How to ensure the consistency of ceph IO under error condition 07/06 Update SLTechnology News&Howtos

How to ensure the consistency of ceph IO under error condition

2025-07-06 Update From: SLTechnology News&Howtos shulou NAV: SLTechnology News&Howtos > Servers >

Shulou(Shulou.com)05/31 Report--

This article will explain in detail how to ensure the consistency of ceph IO under error conditions. The editor thinks it is very practical, so I share it with you as a reference. I hope you can get something after reading this article.

Recently, we have studied how to ensure the consistency of ceph IO in the event of an error. The code is based on the hammer0.94.5 version. Build a cluster, including three OSD, osd.0 osd.1 osd.2.

Send an IO write operation from the client. 0 is primary and osd1/2 is replica. Suppose osd.2 is due to a network or hard disk failure, or the software bug is down. At this time, osd0 has finished writing locally, received a copy of osd.1 to write ack, and is still waiting for a copy of osd.2 to write ack. After waiting for the longest osd_heartbeat_grace, which defaults to 20 seconds, the heartbeat mechanism will be used to report to monitor that the osd is dead. At this point, the cluster will enter the peering, and in the case of peering, the affected pg,io will be occupied by block.
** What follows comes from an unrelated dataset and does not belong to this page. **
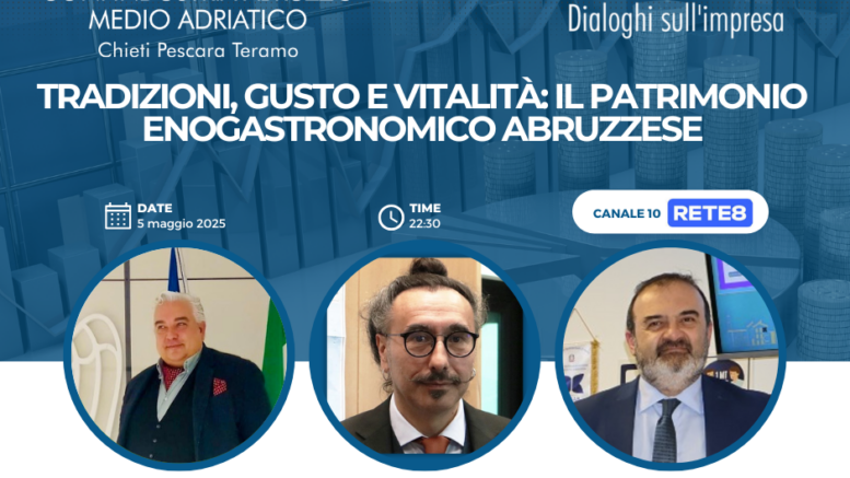 Tradizioni, gusto e vitalità: il patrimonio enogastronomico abruzzese. Questo il titolo della puntata di “EconoMIA, dialoghi sull’impresa”, format tv di Confindustria Abruzzo Medio Adriatico e Rete8 che andrà in onda lunedì 5 maggio alle 22:30
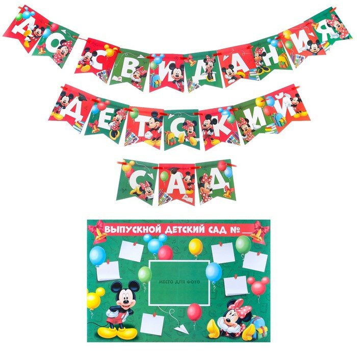 Купить Гирлянда на ленте с плакатом "До свидания детский сад", Микки Маус и друзья, 246 см

At this point, take a closer look at how osd.0, as a primay, handles the write operation A. Before peering, osd0 calls void ReplicatedPG::on_change () and further calls apply_and_flush_repops ()

Apply_and_flush_repops () will requeue operation An into op_wq.

After waiting for the pg peering to complete, the pg to which the An operation belongs becomes the active state, IO continues, and do_op continues to process the IO queue, including the An operation of requeue.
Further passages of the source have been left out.